**What to do**
Exactly the lines from the one holding "活動現(xiàn)場,小組工" through the end of the material below must be printed, nothing more, and the pictures must be dropped.

+ + + + + + +

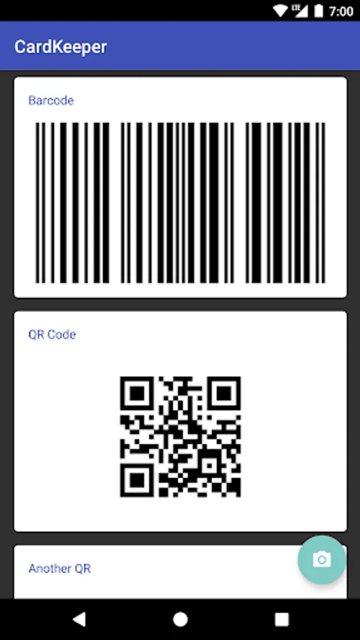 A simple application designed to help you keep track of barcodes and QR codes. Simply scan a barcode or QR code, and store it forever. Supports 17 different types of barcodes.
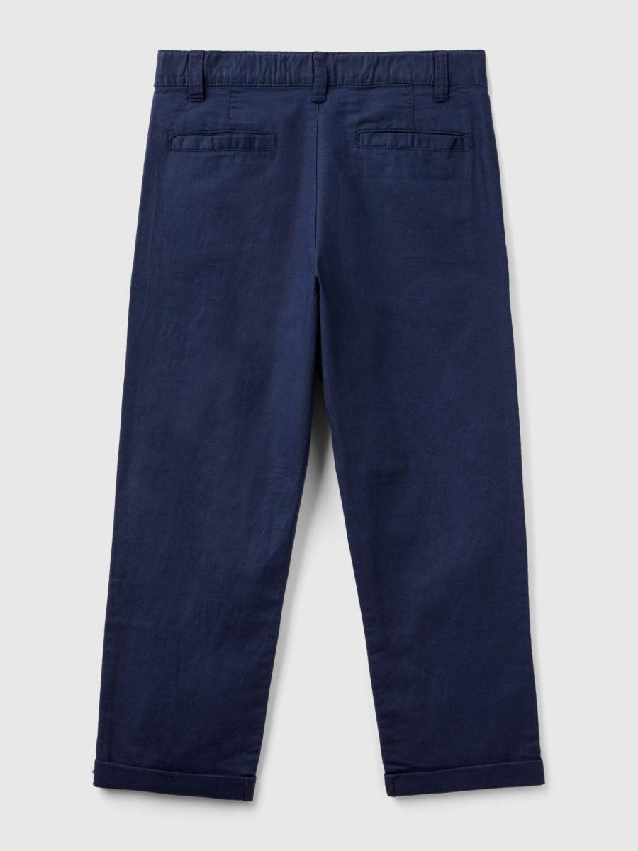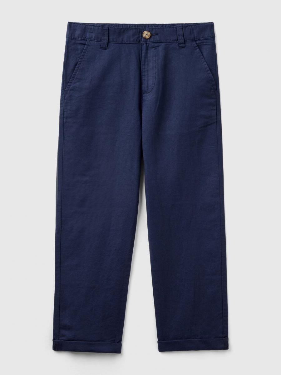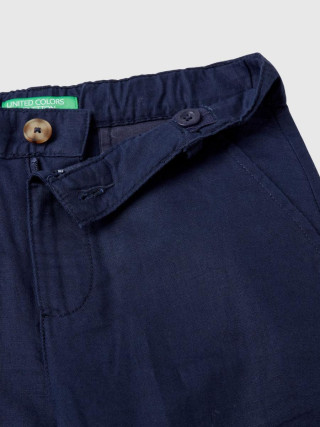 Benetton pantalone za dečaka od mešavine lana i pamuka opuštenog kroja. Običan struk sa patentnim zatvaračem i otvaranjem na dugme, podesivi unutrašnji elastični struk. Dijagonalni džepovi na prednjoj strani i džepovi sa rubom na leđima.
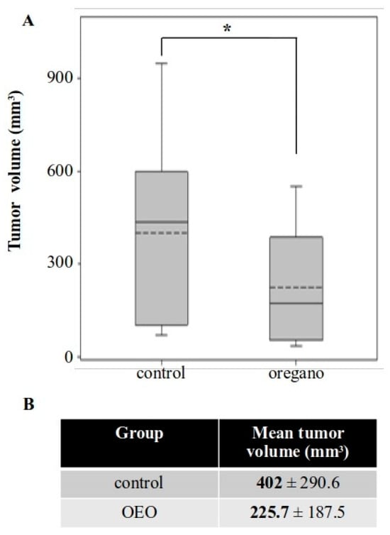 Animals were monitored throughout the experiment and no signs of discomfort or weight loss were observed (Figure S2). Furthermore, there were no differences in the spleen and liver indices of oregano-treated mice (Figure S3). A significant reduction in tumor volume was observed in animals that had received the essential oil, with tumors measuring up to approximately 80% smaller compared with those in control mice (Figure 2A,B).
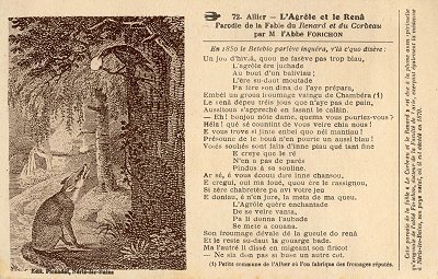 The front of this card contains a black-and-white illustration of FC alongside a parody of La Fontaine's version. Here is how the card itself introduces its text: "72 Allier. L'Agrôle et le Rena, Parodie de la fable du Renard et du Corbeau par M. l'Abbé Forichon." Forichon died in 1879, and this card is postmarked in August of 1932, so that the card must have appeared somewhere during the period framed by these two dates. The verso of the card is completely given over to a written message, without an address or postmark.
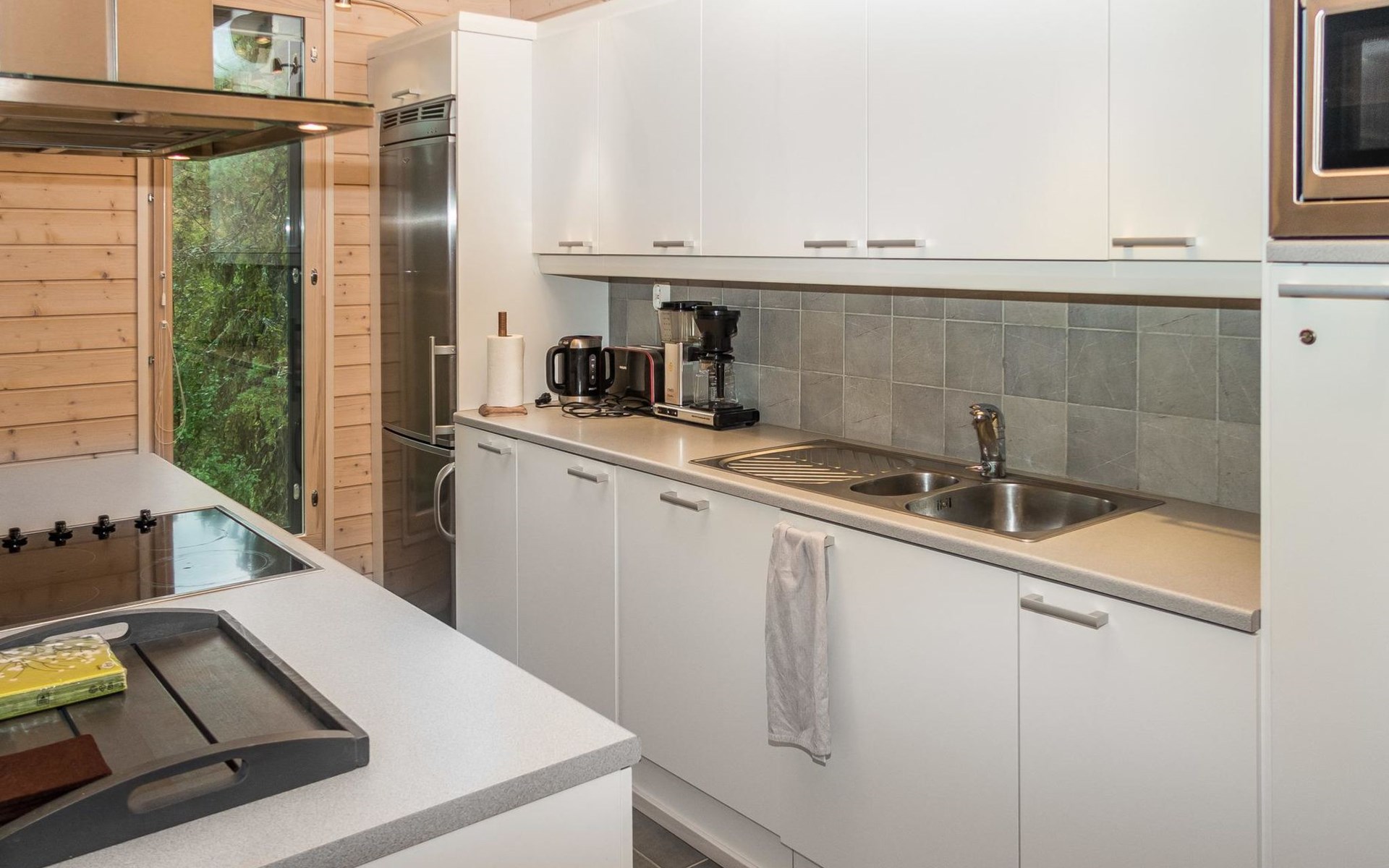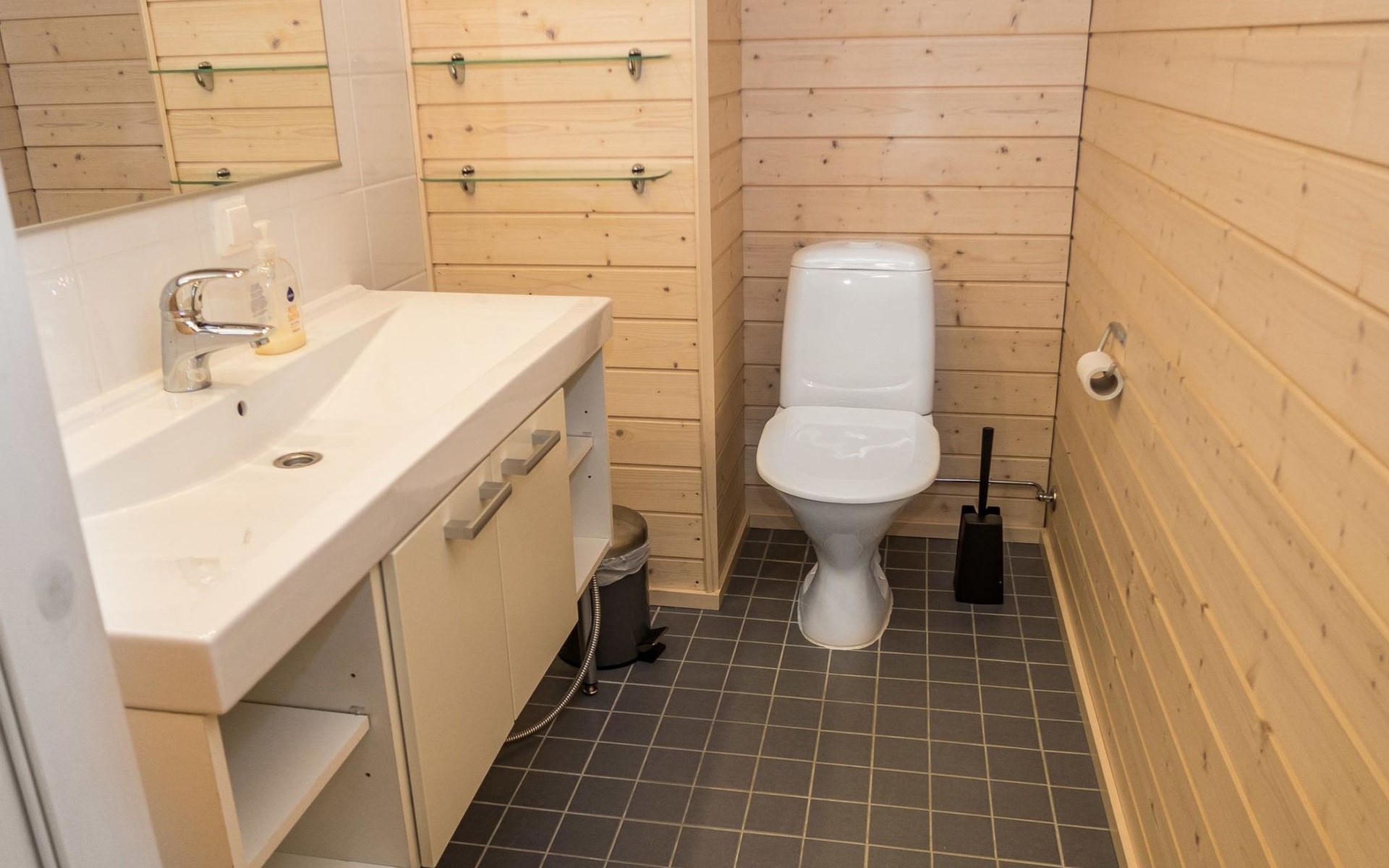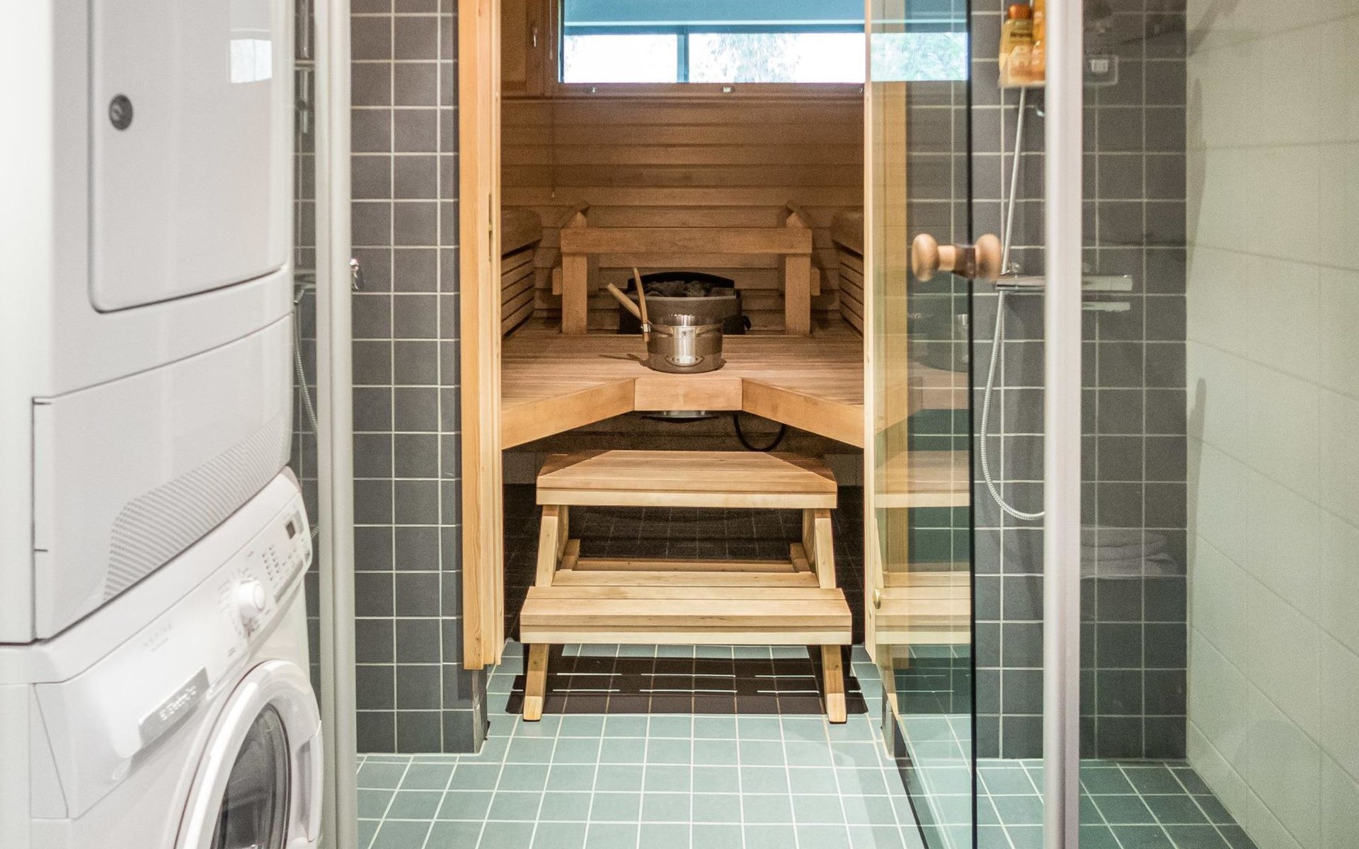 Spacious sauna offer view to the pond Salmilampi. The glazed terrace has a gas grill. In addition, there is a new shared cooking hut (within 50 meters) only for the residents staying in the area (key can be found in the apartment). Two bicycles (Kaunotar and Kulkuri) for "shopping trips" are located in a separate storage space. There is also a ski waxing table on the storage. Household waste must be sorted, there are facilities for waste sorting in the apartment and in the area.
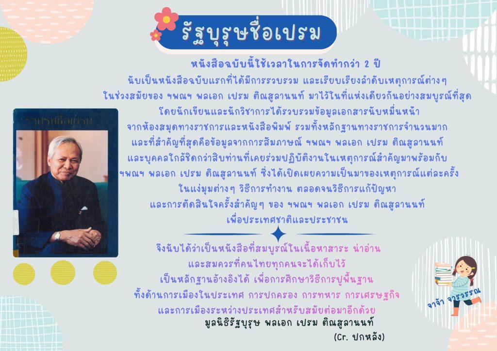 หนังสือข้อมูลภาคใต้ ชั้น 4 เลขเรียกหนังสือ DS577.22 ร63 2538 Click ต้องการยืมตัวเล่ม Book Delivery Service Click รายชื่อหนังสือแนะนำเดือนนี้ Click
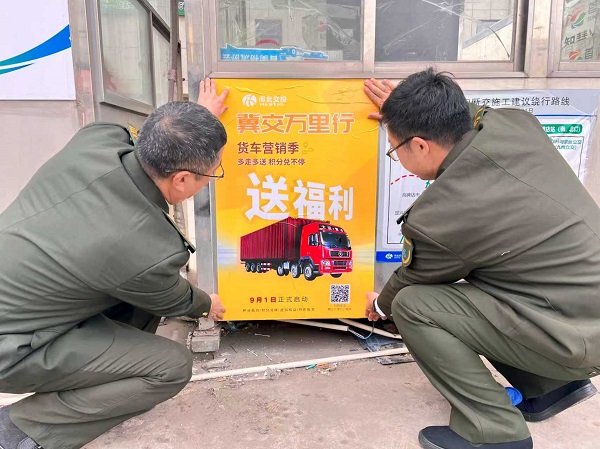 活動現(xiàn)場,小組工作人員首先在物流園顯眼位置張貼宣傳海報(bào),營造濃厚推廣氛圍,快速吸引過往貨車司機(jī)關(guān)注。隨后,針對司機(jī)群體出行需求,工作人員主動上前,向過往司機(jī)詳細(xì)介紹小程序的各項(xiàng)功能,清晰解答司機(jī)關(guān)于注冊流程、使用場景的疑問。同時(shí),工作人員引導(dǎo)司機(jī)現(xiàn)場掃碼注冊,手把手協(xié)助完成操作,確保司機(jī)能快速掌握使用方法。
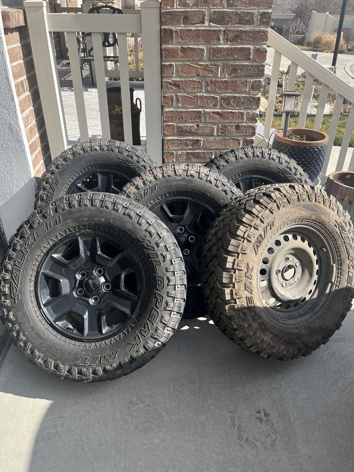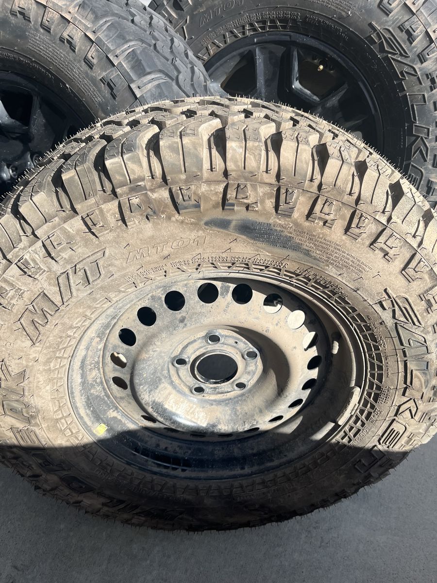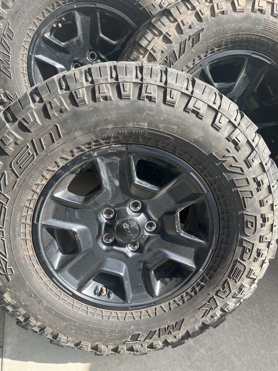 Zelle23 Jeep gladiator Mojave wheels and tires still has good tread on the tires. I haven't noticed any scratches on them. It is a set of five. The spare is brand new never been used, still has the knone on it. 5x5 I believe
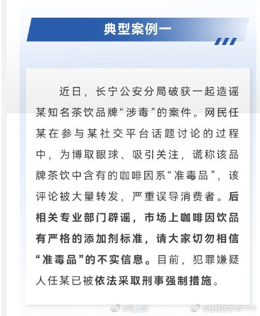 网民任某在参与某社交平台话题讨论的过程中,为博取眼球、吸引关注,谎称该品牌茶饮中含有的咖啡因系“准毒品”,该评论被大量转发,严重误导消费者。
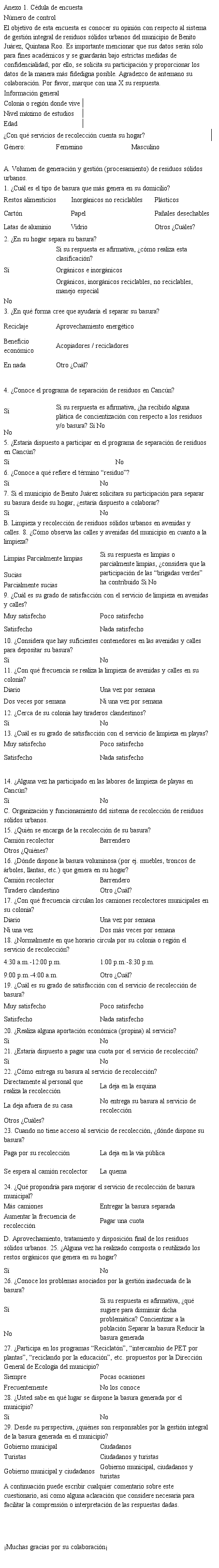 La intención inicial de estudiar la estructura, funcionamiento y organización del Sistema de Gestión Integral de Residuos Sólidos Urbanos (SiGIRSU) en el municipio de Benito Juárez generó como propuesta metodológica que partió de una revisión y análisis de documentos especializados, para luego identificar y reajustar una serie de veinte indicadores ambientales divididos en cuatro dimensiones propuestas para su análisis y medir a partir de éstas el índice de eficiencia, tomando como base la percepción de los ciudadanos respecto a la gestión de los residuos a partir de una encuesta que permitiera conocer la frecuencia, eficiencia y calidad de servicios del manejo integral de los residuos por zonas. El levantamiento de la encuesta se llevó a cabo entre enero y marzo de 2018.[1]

+ + + + + + +

**Your response**
 活動現(xiàn)場,小組工作人員首先在物流園顯眼位置張貼宣傳海報(bào),營造濃厚推廣氛圍,快速吸引過往貨車司機(jī)關(guān)注。隨后,針對司機(jī)群體出行需求,工作人員主動上前,向過往司機(jī)詳細(xì)介紹小程序的各項(xiàng)功能,清晰解答司機(jī)關(guān)于注冊流程、使用場景的疑問。同時(shí),工作人員引導(dǎo)司機(jī)現(xiàn)場掃碼注冊,手把手協(xié)助完成操作,確保司機(jī)能快速掌握使用方法。
 Zelle23 Jeep gladiator Mojave wheels and tires still has good tread on the tires. I haven't noticed any scratches on them. It is a set of five. The spare is brand new never been used, still has the knone on it. 5x5 I believe
 网民任某在参与某社交平台话题讨论的过程中,为博取眼球、吸引关注,谎称该品牌茶饮中含有的咖啡因系“准毒品”,该评论被大量转发,严重误导消费者。
 La intención inicial de estudiar la estructura, funcionamiento y organización del Sistema de Gestión Integral de Residuos Sólidos Urbanos (SiGIRSU) en el municipio de Benito Juárez generó como propuesta metodológica que partió de una revisión y análisis de documentos especializados, para luego identificar y reajustar una serie de veinte indicadores ambientales divididos en cuatro dimensiones propuestas para su análisis y medir a partir de éstas el índice de eficiencia, tomando como base la percepción de los ciudadanos respecto a la gestión de los residuos a partir de una encuesta que permitiera conocer la frecuencia, eficiencia y calidad de servicios del manejo integral de los residuos por zonas. El levantamiento de la encuesta se llevó a cabo entre enero y marzo de 2018.[1]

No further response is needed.